En una reunión del gabinete de Trump el 1 de diciembre, Hegseth dijo que “vio ese primer ataque en vivo” pero se fue antes del siguiente.
Justificación legal para el derrocamiento de Maduro compartida con legisladores
Los senadores pudieron examinar el martes, en un ambiente confidencial, el dictamen legal aún no divulgado de la Casa Blanca por haber utilizado al ejército para derrocar a Maduro.

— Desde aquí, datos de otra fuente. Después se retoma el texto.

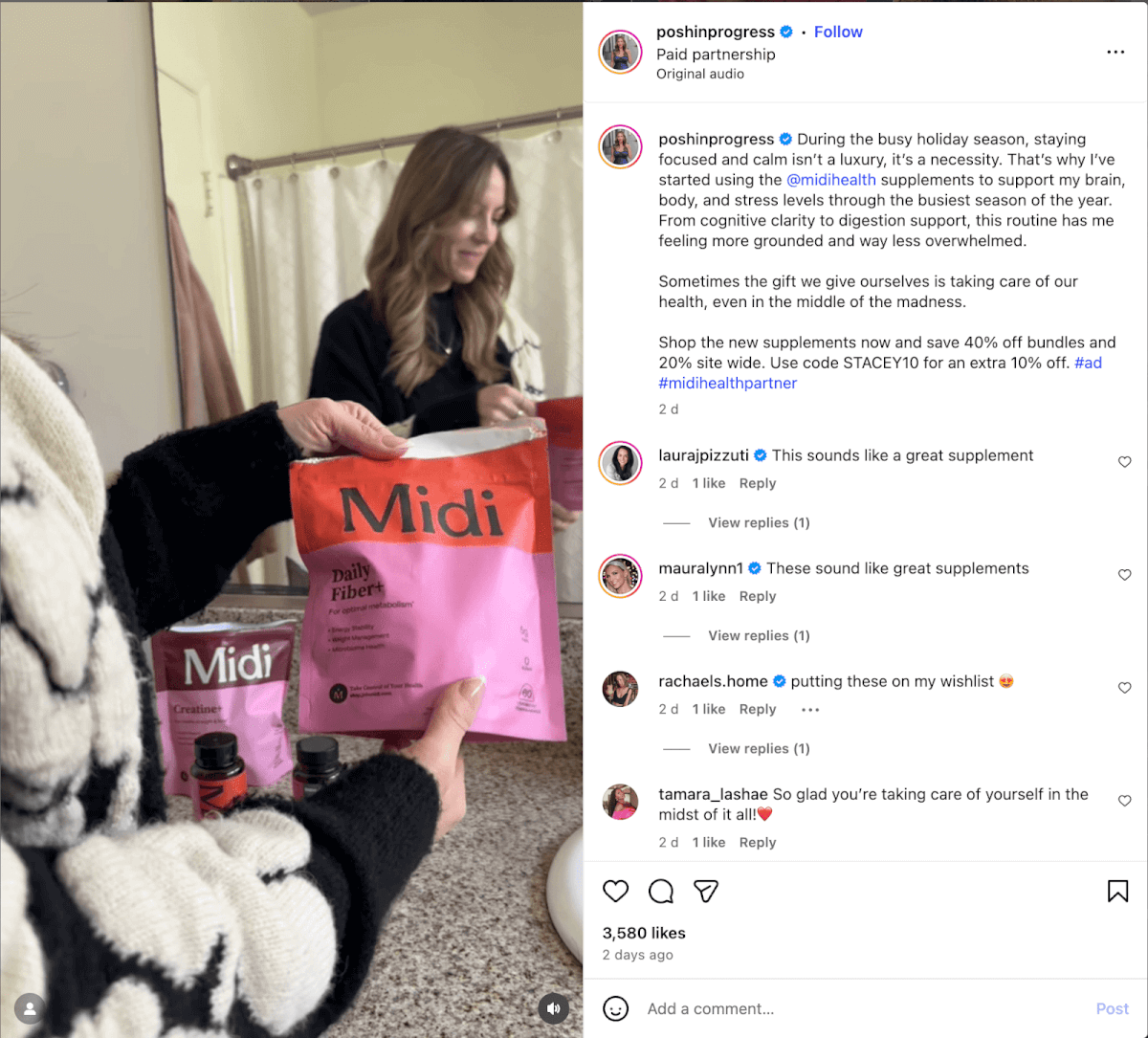 Midi Health is a health brand that sells supplements for women for menopause, weight, mood, sleep, and more. They partner with female creators in their midlife (their target customer) to promote their products.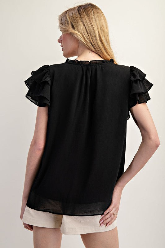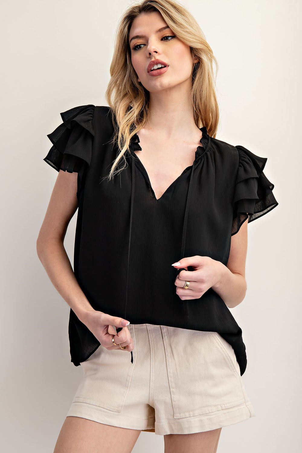 The Evelyn Top offers a comfortable, loose fit designed to suit all ages with ease. Its soft, relaxed silhouette provides freedom of movement, while the ruffle V-neckline and front tie closure add a gentle, flattering touch. The layered ruffle sleeves bring a subtle elegance, making this blouse a supportive choice for anyone seeking both style and comfort.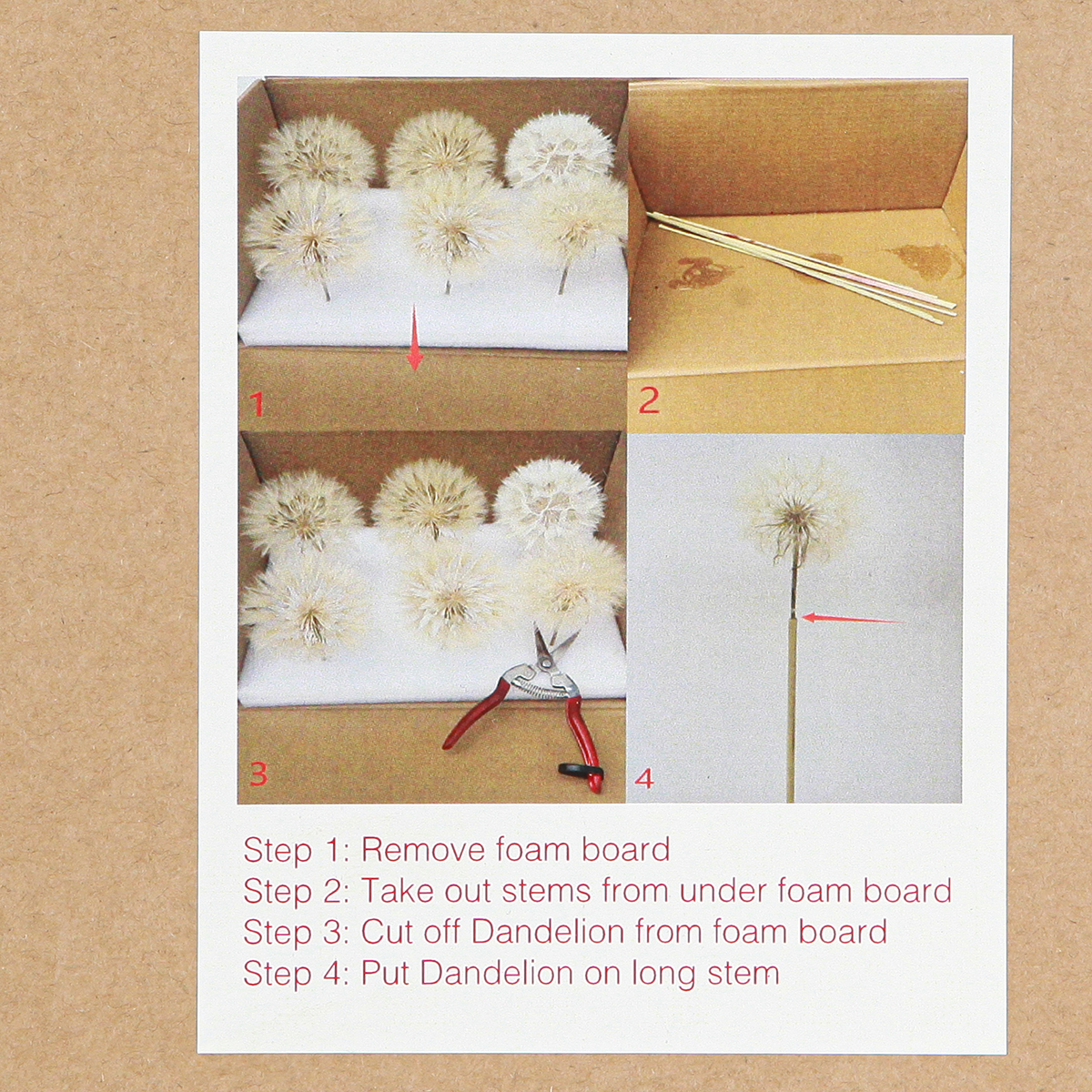 - Combine the dandelions with our dried flowers for an individual arrangement.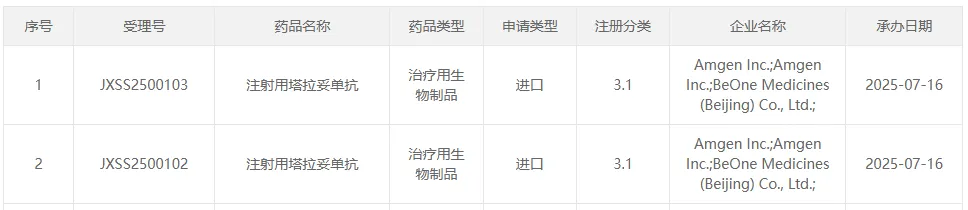 7 月 16 日,安进和百济神州的注射用塔拉妥单抗申报上市,用于广泛期小细胞肺癌 (ES-SCLC) 成人患者的三线治疗。该申请已被纳入优先审评。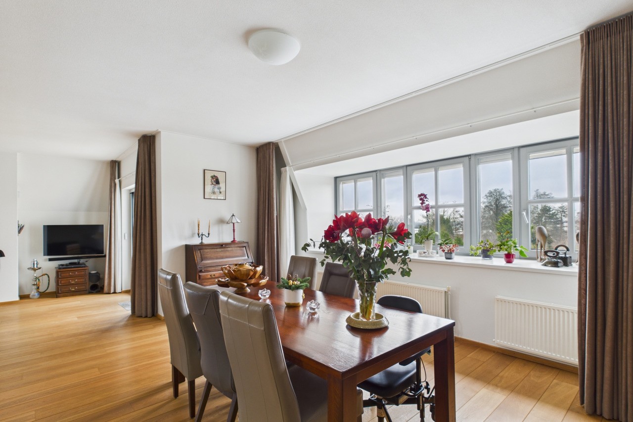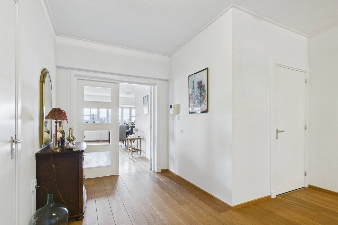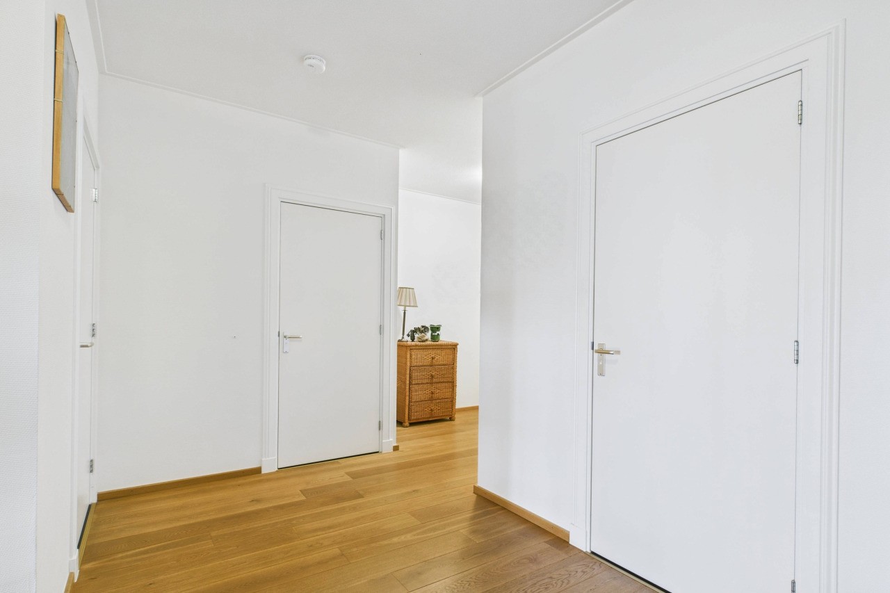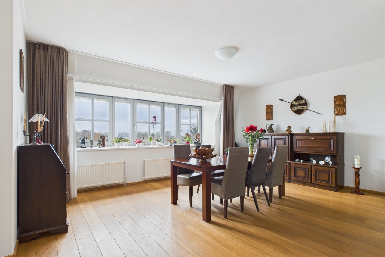 Je komt het appartement binnen in een royale hal met meterkast en videofoon/intercom. De massieve eikenhouten vloerdelen zorgen direct voor een warme, luxe uitstraling. Vanuit de hal bereik je de toiletruimte met hangtoilet en fonteintje. De woonkamer is bijzonder ruim en heerlijk licht (circa 57 m2), voorzien van massieve eikenhouten vloerdelen en een schouw met gashaard. Voor extra comfort is in 2023 bovendien een airco-unit geplaatst, zodat je hier ook op warme dagen aangenaam koel woont. Via de woonkamer is er toegang tot het op het zuiden gelegen balkon (3,8 x 2,3m).

Ha sido descrito como un documento extenso que describe las justificaciones de la administración Trump.
Al salir de las instalaciones clasificadas del Capitolio, el senador Rand Paul de Kentucky, un republicano que durante mucho tiempo se ha opuesto a las campañas militares estadounidenses en el extranjero, dijo que ninguna de las justificaciones legales debería mantenerse en secreto.
“Todos los argumentos legales y constitucionales deberían ser públicos, y es terrible que todo esto se mantenga en secreto porque los argumentos no son muy buenos”, dijo Paul.
El senador Peter Welch, demócrata de Vermont, dijo que no tenía confianza en la legalidad de la operación venezolana y particularmente en los planes de Trump para “gobernar” el país sudamericano. Secretario de Estado Marco Rubio declaró que el control vendría de la aplicación de un cuarentena de petroleros sancionados vinculados a Venezuela como a Estados Unidos afirma su poder sobre el petróleo del país.
“La pregunta sigue siendo si el uso del ejército puede usarse para llevar a una persona ante la justicia”, dijo Welch, calificando a Maduro de “verdaderamente malvado”.
La justificación legal se refería a la acción militar “pero no a la realidad actual de que el presidente está diciendo que estaremos aquí durante años y gobernaremos Venezuela”, dijo Welch.